Kathryn Aegis (aegis@igc.apc.org)
Fri, 27 Nov 1998 10:47:50 -0800 (PST)

Sasha, et al:

(Hope everyone is having a restful holiday)

My perspective on this: the very concepts of 'feminine' and 'masculine' are in themselves cultural constructs based almost entirely on religious superstitions. A central set of human characteristics was arbitrarily divided into one of the two categories, and it is taught as part of most religious dogma. But, other than a desire to maintain a certain societal structure, there exists absolutely no rational basis for continuing this division of 'masculine/feminine', or for connecting the characteristsics so strongly with dominant and subservient roles. To do so only perpetuates irrational and entropic memes, rather than breaking new ground.

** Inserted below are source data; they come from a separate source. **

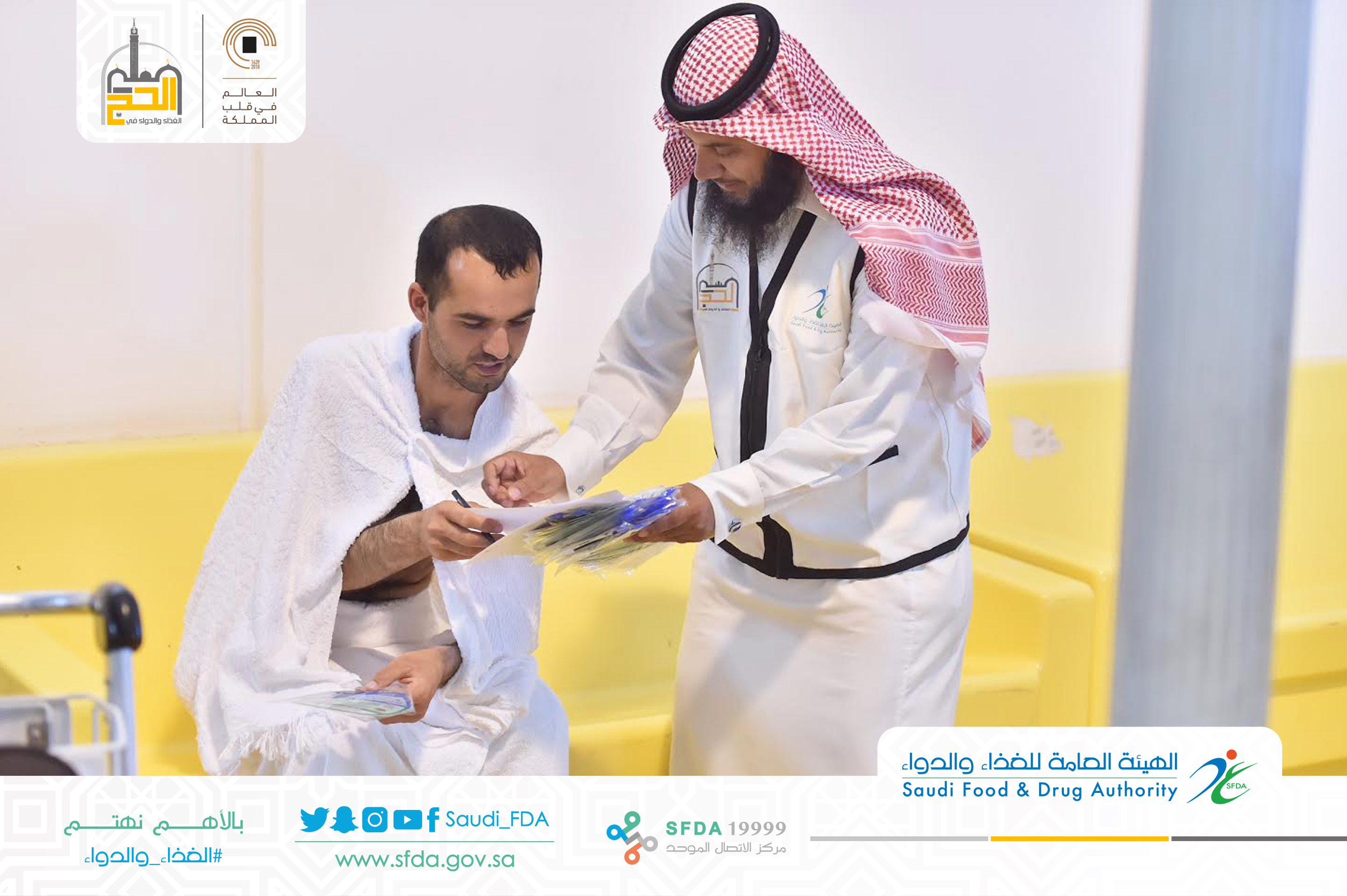 أما في الجانب التوعوي فاستمر مختصو الهيئة بتقديم النصائح والإرشادات التوعوية لضيوف الرحمن القادمين عبر صالة الحجاج  بمطار الملك عبدالعزيز الدولي بجدة، وذلك لرفع مستوى وعيهم الغذائي والدوائي.
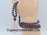 Details: Hand-knotted quartz mala necklaces: 108 8mm/10mm round garnet beads with rose quartz pendant/12mm guru bead and rose quartz pendant (you can choose different pendants, but there will be tiny different in shape & color, we will make the jewelry randomly according to our stock) Item: GMN5200 Material: No.1: 8mm: 108 8mm garnet beads & rose quartz pendant 10mm: 108 10mm garnet beads & rose quartz pendant No.2: 8mm: 108 8mm garnet beads, 12mm guru bead & rose quartz pendant 10mm: 108 10mm garnet beads, 12mm guru bead & rose quartz pendant Color: See image Length (inch): Necklace length: 8mm: approx 37 - 40 inches (Not including guru bead & pendant) 10mm: approx 46 - 50 inches (Not including guru bead & pendant) Pendants: approx 26*50mm Quantity Discount Pricing: 1 – 4: None 5 – 49: 95% 50 – 99: 90% 100+: 85% This mala is available in both 8mm and 10mm beads, The listed price is for 1 piece 8mm mala necklace
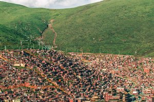 这里有连绵数公里层层重叠的僧舍,身披绛红色僧袍的喇嘛和觉姆,象征着最高布施和神圣的天葬仪式。城市里所有的车水马龙和灯红酒绿在这里不复存在,只有生活在精神信仰中的苦行僧们,转山转水转佛塔,不修今生。
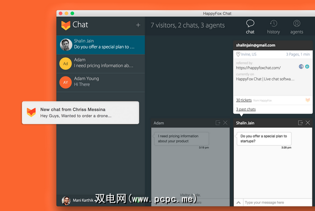 如果您需要免费的网站聊天室,请将其添加到服务列表中以进行退房。它提供了一个非常不错的免费层:主要限制是存档的持续时间。带有本地通知的桌面应用程序可以轻松地保持对话状态,并且与HappyFox的其余部分集成对于在该生态系统中进行投资的任何人来说都是一个很大的优势。
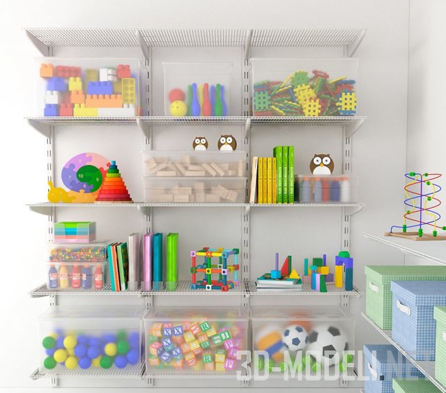 Система хранения Elfa для детской комнаты. На металлических направляющих закреплены легкие металлические полки. На полках лежат разнообразные детские игрушки, книжки и пр. Внизу в полупрозрачных ящиках насыпаны кубики, цветные шарики и лежат мячи. На полках, прикрепленных к другой стене, стоят разноцветные плетеные корзинки с крышками.
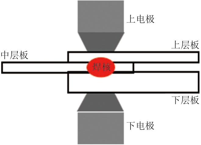用線切割方法在鋁合金板上截取長度為100 mm、寬度為30 mm的全厚度試樣,長度方向為軋制方向。將試樣在長度方向進行搭接裝配,搭接長度均為30 mm,上層板和中層板厚度為2 mm,下層板厚度為4 mm。用砂紙打磨搭接區(qū)域至顯示金屬光澤,再用丙酮去除表面油漬,采用東升300型三相整流電阻點焊機進行焊接試驗,焊接壓力為1.9 kN,預壓時間為0.010 8 s,焊接時間為0.012 8 s,維持時間為0.016 s,休止時間為0.01 s,焊接電流分別為15,17,19,21 kA。圖2為鋁合金不等厚三層板電阻點焊示意。
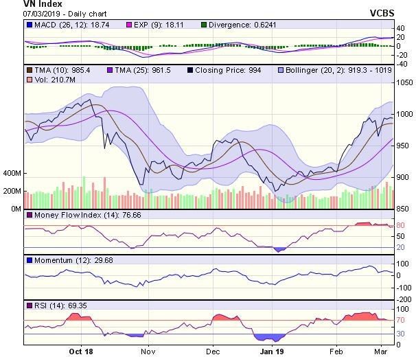 Do đó, chúng tôi cho rằng, trong trường hợp kém tích cực, chỉ số có thể sẽ cần thêm một nhịp điều chỉnh kỹ thuật kéo dài 3-5 phiên, nhằm rũ bỏ và củng cố lại cho xu hướng chính bền vững hơn. Ngưỡng hỗ trợ gần có thể là vùng 965-970 điểm (đỉnh cũ tháng 12/2018 và MA20).

I would also ask you to explain why it is so 'necessary' for some people to lead and other people to take on subservient roles, when in most advancing associations and corporations most persons are considered individual contractors, equal members of a team. All indications are that standing concepts of heirarchy will not survive the marketplace (Read: _The Fifth Discipline_). A strong level of testosterone in any person might make them ceo of a corporation, but it might as easily render them 'persona non grata' in the changing world of learning corporations and horizontal heirarchies. The 'meek' may indeed inherit, simply by being able to work effectively with others, or by their desire to work independently outside of heirarchy. Neither path requires real agressiveness, only skill, determination and perserverance--three qualities that are not particularly informed by hormonal levels. The market landscape ahead: individual autonomous contractors and team-oriented corporations.